Among the frozen peas and tinned beans a small green book beckons. Things, it is called, a title that is as ambiguous as full of promise. A tiny portal to myriad possibilities that could be yours for just 1p! Surely the cheapest item in the supermarket where it lives, waiting to be discovered and taken home. You might have been lucky enough to find one of these little books at a Morrisons supermarket in Tunbridge Wells, where 500 copies have been inserted over the course of sixmonths.Or perhaps you found it in a bookshop, and felt tantalised by its delicate cloth cover, its shouty ‘special offer’ sign, its universal yet elusive title.

You see, Things gathers 100+ drawings from an archive that the artist Simon Faithfull has painstakingly drawn and compiled for over 14 years. The drawings, it couldn’t be otherwise, depict things. The stuff that Faithfull has encountered, used and consumed during his daily life and travels around the world.

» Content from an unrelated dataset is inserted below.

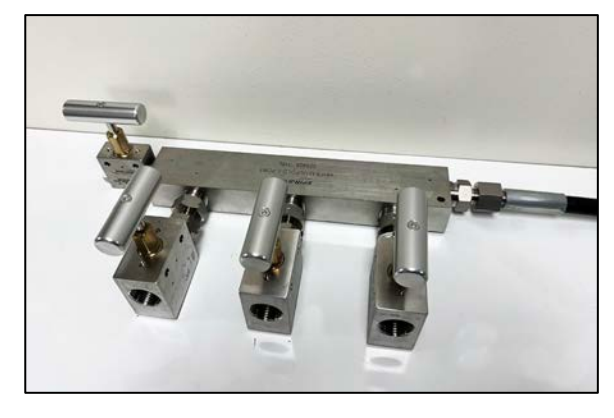
With inlet pressure hose, pressure bleed valve on side and 3 output Pressure Needle valves

Customized according to your requirements and aggregations such as hoses, valves, gages, PSV valves, sensors, quick disconnectors, digitalized pressure recorders and more available

The style is not naturalistic but schematic, very crude. Faithfull started this documenting practice with a Palm Pilot. It was practical and portable, and enabled him to intuitively respond to the sudden urge to record his rendezvous with quotidian objects. He then graduated to an iPhone app that he had custom-developed – an even more apt device for improvised bouts of drawing. But the drawings remained pixelated and absolutely reliant on line, rather than shading, to evoke the contours of these things.

Faithfull refers to this long-standing project as An Expanding Atlas of Subjectivity. And one does find here an almost Warburgesque attempt to systematise a personal research through images. But while for Aby Warburg the issue at stake was the enduring influence of Classic antiquity in contemporary life, for Faithfull it is the mapping of the everyday experience through the impersonal and shared objects that constitute it. What emerges is a self-portrait of sorts, because what we look at, what we buy and discard, even in their lacklustre mundanity, will always reveal more about us than an image of our face could ever do. And one of the things that these drawings are telling us about Faithfull is that he is engaged in a way of seeing and representing reality that is slow and durational, that retreats from the manic world of speed and immediacy offered by digital photography. There is something quaint and archaic about someone, in 2014, sitting down in a pub to draw a pint of Guinness while he drinks it, even if it is by means of an iPhone. Precisely, in fact, because it is by means of an iPhone, which has a quality camera that would allow for a swift snap of that same object, making it readily available for archiving or social media sharing.

The price for Morrisons’ shoppers to enjoy the slow looking contained in Things was 1p, and the figure is crucial. 1p. One of these coppers, often grimy and discoloured, that tend to colonise pockets, wallets and the odd domestic surface with much presence and little use. A reminder of what one doesn’t have, a currency of absence and longing. The price of Things is, thus, symbolic. Faithfull will not gain from it, and the curious supermarket buyer, who finds the book and decides to buy it, won’t have to spend much to walk through the till and take it home. It is but a sham transaction, a parody of exchange and purchase, as if buyer and cashier were little children exchanging tokens in a playground, mimicking actions that only make sense in the adult world.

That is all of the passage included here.